HCC: Hepatocellular carcinoma; HCV: Hepatitis C virus.
Chimpanzees have been the central animal model to study HCV infection. Besides humans, they are the only species that is naturally susceptible to HCV infection. Chimpanzees partially recapitulate the natural course of infection in humans. While acute hepatitis is somewhat milder in chimpanzees than in humans, experimentally infected animals also frequently progress to chronicity.[74,124,125] Subclinical hepatitis, after many years of chronicity, however, is also not uncommon in humans without risk factors for rapid progression including, older age or alcohol intake. The chimpanzee model has been of critical importance for defining the nature of protective immunity following reinfection. Experiments in chimpanzees demonstrated that clearance of a primary infection with HCV does not provide sterilizing immunity against challenges with homologous or heterologous viruses.[83,84] However, despite their utility, the use of chimpanzees in biomedical research is intensely debated due to ethical concerns. In fact, strong public opposition against the use of large apes has led to the ban of chimpanzee research in many countries. Undoubtedly, an NIH moratorium on 'nonessential chimpanzee research'[204] is likely to constrain HCV vaccine development and HCV research in general in the future. Furthermore, experiments in chimpanzees are associated with very high cost, and usually only few animals, which are genetically heterogeneous, remain available. Consequently, the interpretation of data derived from experiments on a small number of chimpanzees is often statistically difficult.

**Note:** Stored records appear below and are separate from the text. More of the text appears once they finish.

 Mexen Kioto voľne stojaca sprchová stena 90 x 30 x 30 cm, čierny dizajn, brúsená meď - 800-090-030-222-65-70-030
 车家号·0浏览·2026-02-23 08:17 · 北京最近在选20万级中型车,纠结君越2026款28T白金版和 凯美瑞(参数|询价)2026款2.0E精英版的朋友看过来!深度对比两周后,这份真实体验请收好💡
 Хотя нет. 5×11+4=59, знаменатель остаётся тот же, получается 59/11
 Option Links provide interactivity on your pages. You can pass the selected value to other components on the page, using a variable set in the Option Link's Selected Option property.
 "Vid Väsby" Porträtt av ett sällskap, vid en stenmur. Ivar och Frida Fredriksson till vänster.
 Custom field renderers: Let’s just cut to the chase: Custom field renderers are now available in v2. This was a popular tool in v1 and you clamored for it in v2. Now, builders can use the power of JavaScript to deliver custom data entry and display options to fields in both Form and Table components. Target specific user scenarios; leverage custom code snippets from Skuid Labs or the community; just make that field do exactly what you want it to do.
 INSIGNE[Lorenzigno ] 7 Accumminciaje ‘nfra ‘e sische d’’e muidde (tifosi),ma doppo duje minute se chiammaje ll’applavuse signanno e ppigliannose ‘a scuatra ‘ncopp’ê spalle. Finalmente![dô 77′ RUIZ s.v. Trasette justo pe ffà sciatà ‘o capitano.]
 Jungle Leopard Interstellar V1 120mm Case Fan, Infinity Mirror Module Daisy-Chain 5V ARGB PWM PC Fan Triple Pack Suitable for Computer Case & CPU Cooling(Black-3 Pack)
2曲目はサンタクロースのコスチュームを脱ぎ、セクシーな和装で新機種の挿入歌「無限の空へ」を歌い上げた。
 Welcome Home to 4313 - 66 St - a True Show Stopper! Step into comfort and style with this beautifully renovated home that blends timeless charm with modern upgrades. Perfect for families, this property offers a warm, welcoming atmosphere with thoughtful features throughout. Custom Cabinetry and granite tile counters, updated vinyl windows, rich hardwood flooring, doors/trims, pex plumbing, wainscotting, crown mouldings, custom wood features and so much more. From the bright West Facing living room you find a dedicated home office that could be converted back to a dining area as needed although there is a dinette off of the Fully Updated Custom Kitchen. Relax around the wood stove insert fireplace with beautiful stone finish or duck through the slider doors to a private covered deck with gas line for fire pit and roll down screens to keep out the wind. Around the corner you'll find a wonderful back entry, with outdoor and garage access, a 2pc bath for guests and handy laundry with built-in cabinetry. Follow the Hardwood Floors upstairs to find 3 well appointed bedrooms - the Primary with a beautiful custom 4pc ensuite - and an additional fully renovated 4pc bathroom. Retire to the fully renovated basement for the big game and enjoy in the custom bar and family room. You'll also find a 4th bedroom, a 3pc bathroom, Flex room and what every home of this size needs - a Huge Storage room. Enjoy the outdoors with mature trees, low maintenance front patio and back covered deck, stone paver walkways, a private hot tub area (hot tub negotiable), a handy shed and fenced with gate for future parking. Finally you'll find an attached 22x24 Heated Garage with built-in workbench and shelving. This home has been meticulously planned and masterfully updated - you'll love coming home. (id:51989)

Accessible animal models, in particularly immunocompetent small rodents and primates, are urgently needed. Significant progress has been recently made in attempts to adapt HCV to infect nonpermissive species and to engineer the host environment to provide an environment that is more conducive to viral infection. While many new tools are still in the early phases of development, they hold promise to dramatically improve our ability to preclinically assess vaccine candidates in the near future.
Adapting HCV to Infect Nonpermissive Species
The full life cycle of HCV can be divided into three critical steps: cell entry, replication and assembly/egress/release of viral particles. Host factors are involved in each step. For entering its target cell, the hepatocyte, HCV requires numerous cellular factors, including glycosaminoglycans,[126,127] low-density lipoprotein receptor, scavenger receptor class B type I (SCARB1),[128–131] CD81,[132] two tight junction proteins, claudin-1[133] and occludin (OCLN).[134,135] More recently, the cholesterol absorption receptor Niemann-Pick C1-like 1[136] and two receptor tyrosine kinases, EGF receptor and EphrinA2[137] have been implicated in the viral uptake pathway into human cells (reviewed in [138]). The difference in the ability of HCV to engage these host factors helps define the species tropism of HCV. In murine cells, HCV appears to less efficiently engage CD81 and OCLN, which precludes viral entry.[134] However, given the error-prone replication of HCV genome, it is conceivable to 'train' HCV to utilize murine orthologs of HCV entry factors. Critical proof-of-concept for this approach was recently provided in a study, in which a strain of HCV was selected to use murine CD81.[139] This virus acquired mutations in the E1 and E2 envelope proteins, which facilitated viral entry into murine cells in the absence of human entry factors. It remains to be tested whether the 'murine-tropic' HCV can actually infect mice in vivo. A mouse model would certainly be very attractive for HCV vaccine research; as multiple inbred and outbred lines are available, mice can be generated in large numbers at fairly low costs and numerous tools to analyze vaccine and virally induced immune responses are available. However, since the evolutionary divergence of mouse and man 65 million years ago, these two species have inhabited different ecological niches and have been challenged with minimally overlapping groups of pathogens. Therefore, the human and mouse immune systems, evolving to meet these challenges, have accumulated many differences,[140] making genes related to immunity, together with genes involved in reproduction and olfaction, the most divergent between the two species.[141] These differences are likely to affect the quality of an antiviral immune response and consequently may lessen the utility of the system for testing vaccines and therapeutics targeting human HCV.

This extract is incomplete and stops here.